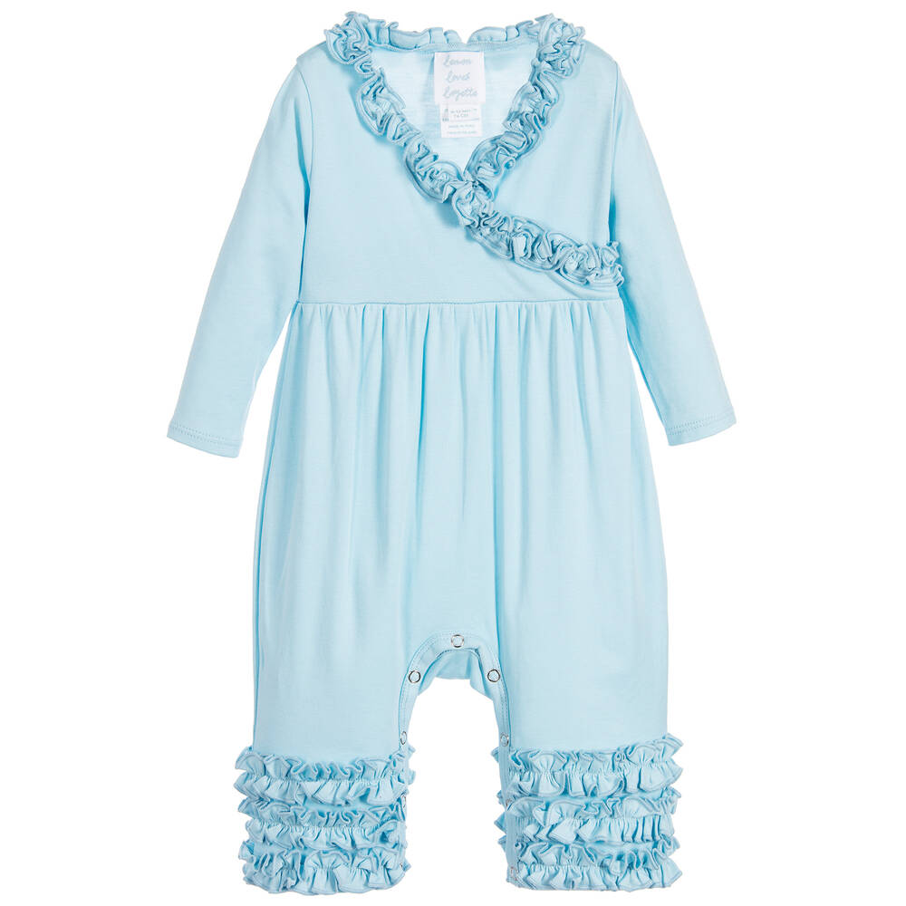 Baby girls cinderella blue ruffle 'Olivia' rompersuit by Lemon Loves Layette. Made in soft Pima cotton, this cute babysuit has a ruffled cross-over neckline and ruffles at the ankles. Without feet, there is popper fastening between the legs for easy dressing and changing.
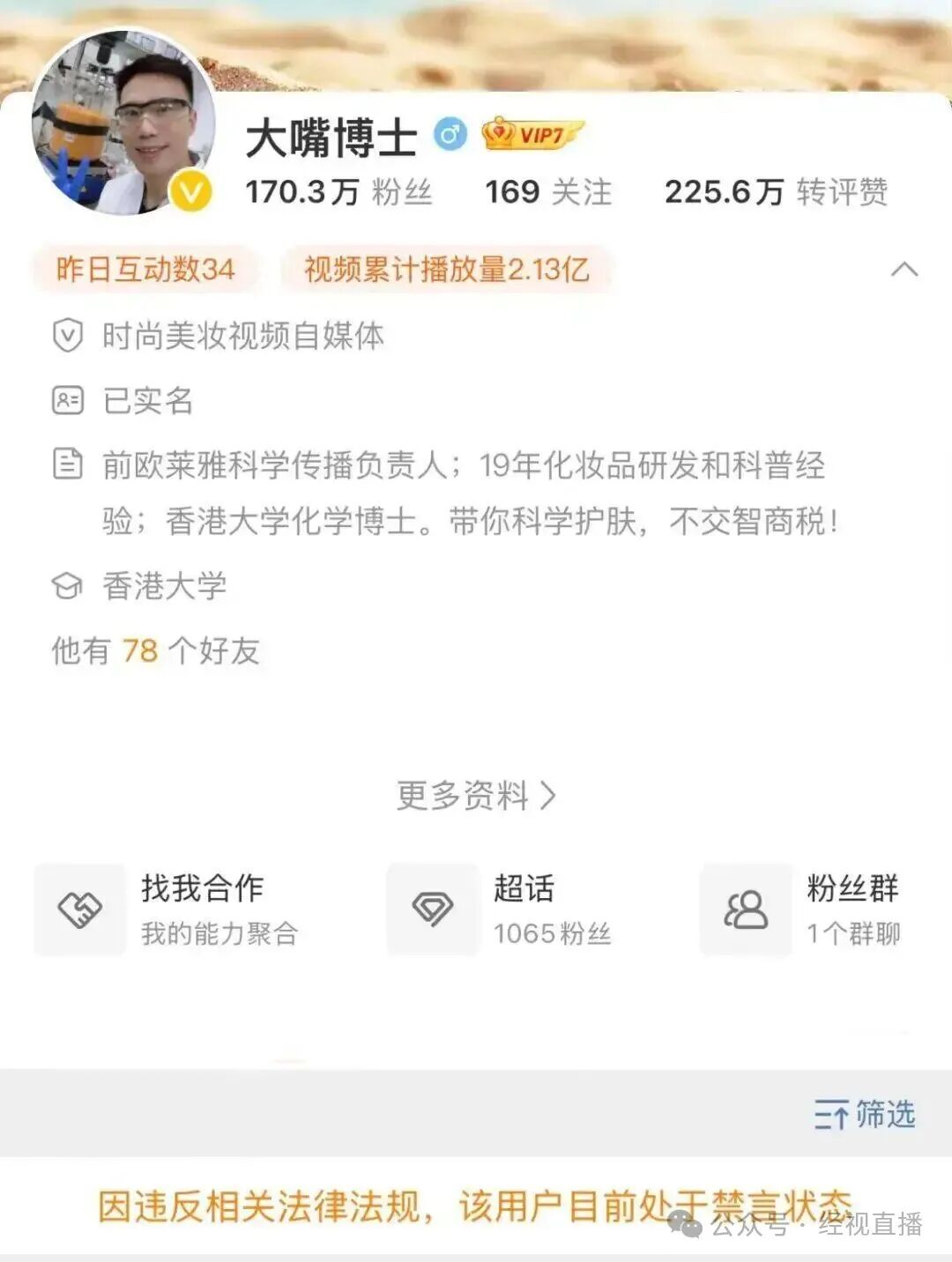 通报中提到,“大嘴博士”等账号发布炒作测评信息,影响市场竞争秩序。多个社交媒体账号“大嘴博士”运营主体与某美妆产品企业存在商业利益关系。上述账号多次针对同领域竞争对手产品发布炒作没有法律效力的测评信息,误导消费者,干扰正常市场秩序。涉及的账号已被依法依约采取禁言措施。
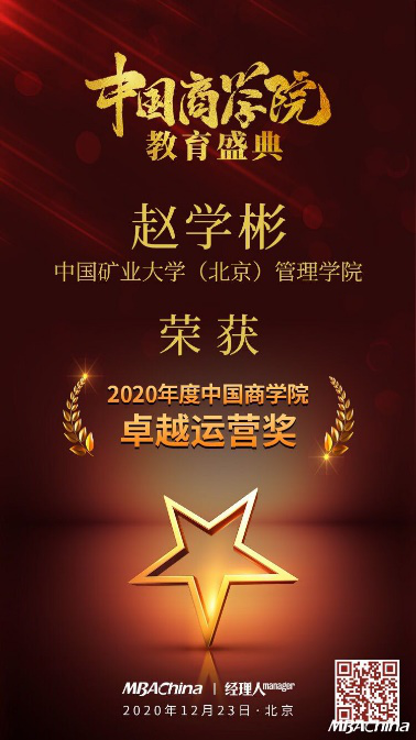 我校管理学院副院长赵学彬(MBA中心主任)、MBA中心常务副主任张志强、MBA中心主任助理裴超应邀出席。中国矿业大学(北京)管理学院荣获“2020年度中国商学院最佳MBA项目TOP100奖”、能源特色MBA项目荣获“2020年度中国商学院最具特色MBA项目奖”,赵学彬荣获“2020年度中国商学院卓越运营奖”。

What you need to do.
Print verbatim every line above, apart from the pictures.

Exercise result.
 Baby girls cinderella blue ruffle 'Olivia' rompersuit by Lemon Loves Layette. Made in soft Pima cotton, this cute babysuit has a ruffled cross-over neckline and ruffles at the ankles. Without feet, there is popper fastening between the legs for easy dressing and changing.
 通报中提到,“大嘴博士”等账号发布炒作测评信息,影响市场竞争秩序。多个社交媒体账号“大嘴博士”运营主体与某美妆产品企业存在商业利益关系。上述账号多次针对同领域竞争对手产品发布炒作没有法律效力的测评信息,误导消费者,干扰正常市场秩序。涉及的账号已被依法依约采取禁言措施。
 我校管理学院副院长赵学彬(MBA中心主任)、MBA中心常务副主任张志强、MBA中心主任助理裴超应邀出席。中国矿业大学(北京)管理学院荣获“2020年度中国商学院最佳MBA项目TOP100奖”、能源特色MBA项目荣获“2020年度中国商学院最具特色MBA项目奖”,赵学彬荣获“2020年度中国商学院卓越运营奖”。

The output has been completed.